One Arkansan recognized this, so she is helping to spread awareness of today's global crises with her own computer game.
As a part of her college senior capstone project, Arkansas native Sophia Nelson and her teammates created 'Resilience.' It's a city-builder game that aims to educate players about the refugee crisis around the world.
"We weren't just going to make a game we wanted to make, we wanted it to be socially impactful," said Nelson. "We also didn't want to portray any certain stereotypes that people have about refugees, and what a standard refugee looks like."
So, they created Obios where the Murian people are currently displaced, and now living at a refugee camp. You, the player, are the camp manager. In order to win, you need to help your camp thrive while helping the Murians survive.
"During that hour of game play, people are getting sick, people are hungry, people need housing, and you're trying to manage all this while diplomats are offering you money or offering resettlement to take out your sickest refugees," said Nelson.

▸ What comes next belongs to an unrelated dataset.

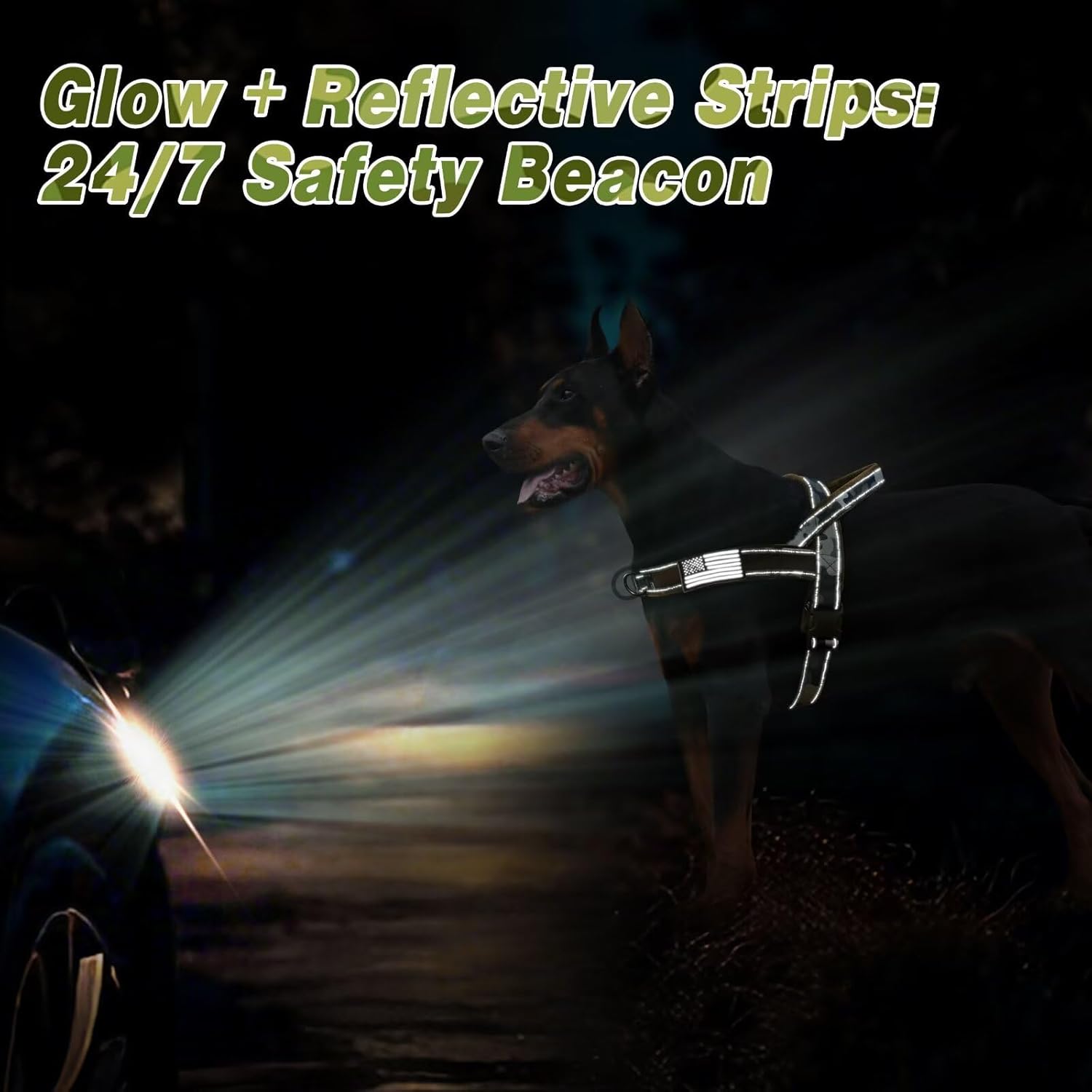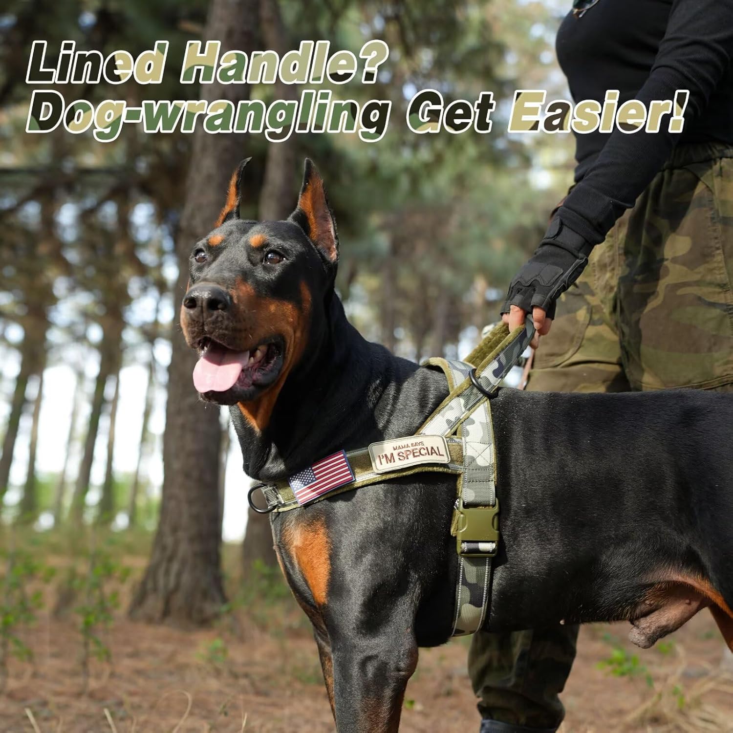 Forestpaw No Pull Dog Harness - Soft Flannel Padded Tactical Dog Vest Harness with Quick Release Buckle, Adjustable Reflective Pet Harness for Large Dogs Walking Training,Green Camouflage L

The game creators emphasize that the player will not win every time, but will continually learn the struggles and successes of helping people in need.
"We weren't trying to make a game that was easy to play and that people would sit down and say, 'Wow, it's so easy to run a refugee camp. I could do this,'" said Nelson.
"We want people to sit down and think, 'This is a really hard thing to do. This is a really interesting and engaging game and I'm learning a lot, but this is really hard to do,'" said Nelson.
The game has won second place at Drexel University where Sophia attended college, and now it's a finalist for a national award called Games for Change. She and her team will find out if they win in July.